Cells as liquid motors

Shape regulation through the competition of contractility and protrusion

Among the many mysteries of living cells, their ability to move and adapt their shape has attracted our attention as physicists. A combination of modelling and experiments explains two puzzling observations: first, that the cell adapts the level of force with which it pulls on its surroundings depending on how rigid they are, and second, that while a cell progresses in one direction by extending a protrusion, its internal skeleton of proteins actually flows in the other direction in what seems a counterproductive motion. This is called the retrograde flow. We show that both of these phenomena stem from the same paradoxical property of this internal skeleton of the cell, which is made of filaments of actin assembled into a network. In fact, because this assemblage is bound by short-lived connections, this network is actually a liquid that will slowly flow. This is puzzling with respect to common observations, since a liquid's shape is dictated by its environment, while cells actively deform their surroundings. However, actin is also bound with molecular motors, called myosin, which can drive this flow from the interior. We show that it is the interaction of this myosin-driven flow with the cell surroundings that defines the shape that the cell will take. This is done at the cost of continually spending energy even when the cell is globally immobile, but we show that this endows the cell with two crucial advantages: it is as fluid and versatile as a liquid, and therefore can accomplish many physiological roles, and it is as resilient as an elastic solid, that will respond instantaneously to mechanical challenges.

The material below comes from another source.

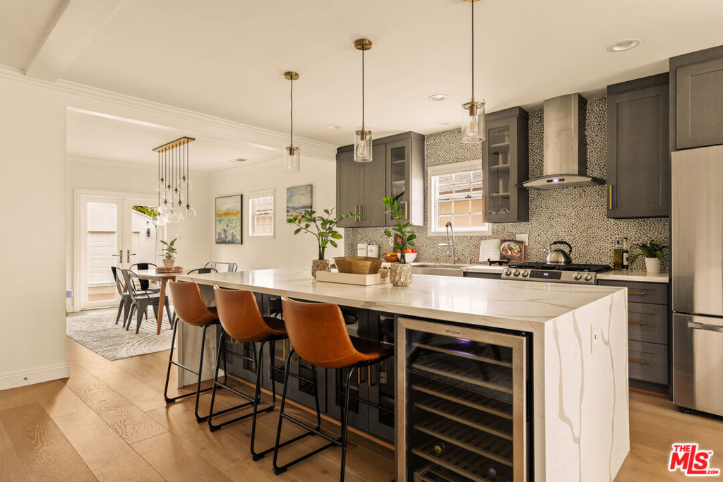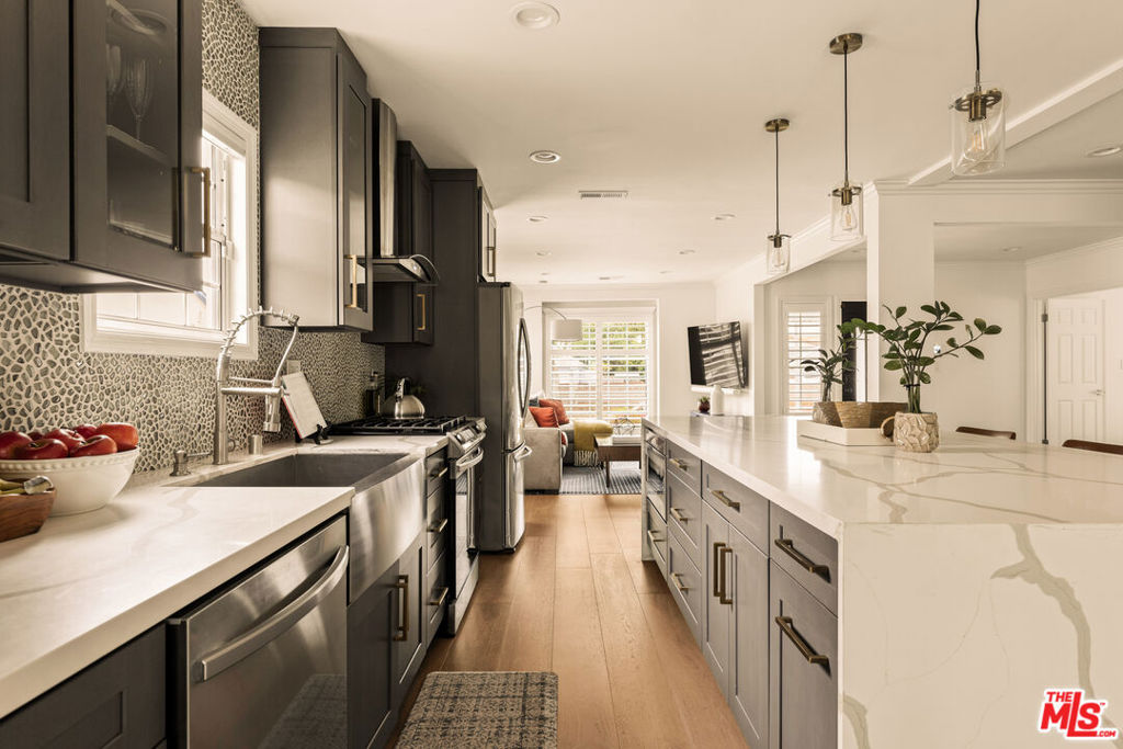 Beautifully remodeled and move-in ready, this five-bedroom, four-bath Kentwood residence blends modern comfort with timeless appeal. Natural light fills the spacious living room and flows into the open kitchen, where a generous island serves as the centerpiece for everyday meals and effortless entertaining. With stainless steel appliances, abundant cabinetry, and expansive counter space, this kitchen is as functional as it is inviting. The main level features a sophisticated primary suite, complete with a spa-like bath and custom walk-in closet, offering the convenience of single-level living. Upstairs, three additional bedrooms share a full bath, providing flexibility for family, guests, or a home office. A detached guest suite with a private entrance overlooks the backyard, perfect for extended stays or a creative workspace. Set on an extra-large lot, the home offers outdoor living at its best, with a sunlit deck, landscaped yard, and a rare double garage. Recent upgrades, including engineered hardwood floors, newly tiled baths, newly painted exterior, plantation shutters, and a newer roof, add comfort and peace of mind. Located in the heart of Westchester, the home offers easy access to neighborhood favorites like Tomat Restaurant and Triangle Wines, Westchester Golf Course, and the vibrant Playa Vista Runway. Just minutes from LAX, Silicon Beach, and the shoreline, it places the best of the Westside right at your doorstep.

From actin and myosin collective dynamics to motor properties and mechanosensing

Animals have muscles to act on their environment. The molecules endowing them with this faculty are actin, that forms long filaments organised in a network, and myosins, which are molecular motors able to slide actin filaments relative to one another. These molecules are also present in nonmuscle cells, and are at the origin of single cells' ability to migrate through the body to fight infection or during embryo development for instance. However, besides the difference in size, the lack of a large-scale organisation of actin and myosin filaments within nonmuscle cells is strikingly different from the crystalline structure they assume in muscles.

We show that these puzzling properties arise from a common property of nonmuscle disordered actomyosin and crystalline muscle's one: in order to change shape (or shorten), cells (or muscles) need, of course, the myosin contraction, but also need to accomodate this contraction by some relaxation of the tension created: thus, myosin needs to unbind after pulling. This unbinding allows the actomyosin to flow according to its myosin driving, it is thus well described as a liquid mechanical system—albeit a liquid which is also a motor, since it drives itself to contraction and can pull on loads. This 'liquid motor' concept allows to decipher several puzzles: why the actomyosin flows backward when the cell edge moves forward, how a cell can assume different shapes when in contact with different surroundings while still being able to resist mechanical challenges. It allows also to benchmark the cell as we do for any motor: how much power does it develop for a given rate of fuel injection, and what is the friction that dissipates away the difference?

Shape regulation through the competition of contractility and protrusion

The energy budget of a living cell. Our model focuses on what happens if the same quantity of energy is being injected by myosin motors, but the environment of the cell is changed. We find that this is representative of our experiments.
The mechanical work rate is the quantity of energy per unit time (power) that the cell effectively employs in displacing an external load. It is zero if the force needed to move that load is zero, or if the force is such that the speed of the displacement that the cell achieves is zero (force F_max).
The rest of the mechanical power injected by myosins is dissipated by three different mechanisms. First, a friction-like dissipation : if cells contract fast (in the case of low opposing force), the material of the cell itself is dissipating energy in changing its own shape. In particular, myosin motors, after having pulled on actin, will take some time to detach from them and, in the mean time, resist further deformation : this is similar to the energy loss due to a rower not lifting his oar quickly enough. This phenomenon is also what limits the speed of muscle contraction in the model by Huxley.
Second, an internal creep is responsible for losses especially when the force is so large that the cell cannot move the load. In that case, myosin motors tense the actin network without achieving any displacement (like the rowers stuck against the tree bend their oar in vain) and will eventually detach from actin without having performed any useful work: when detaching, the tension they have accumulated is lost, just as if the bent oar is lifted out of water and vibrates away all its elastic energy. Again, this is something which is also present in whole muscle dynamics.
Finally, cells regulate their size by the dynamic balance between contracting thanks to myosin and extending thanks to actin polymerisation. These competing phenomena both use energy, and myosins provide work that counterbalances the protrusive effect of polymerisation.
In the end, the efficiency of nonmuscle cells is not very high, with 0.5 fW of useful power for more than 10 fW of mechanical energy injected. However, these 10 fW represent only 1/1000 of the total cell metabolism: this is why evolution will have selected this costly but versatile liquid-motor system.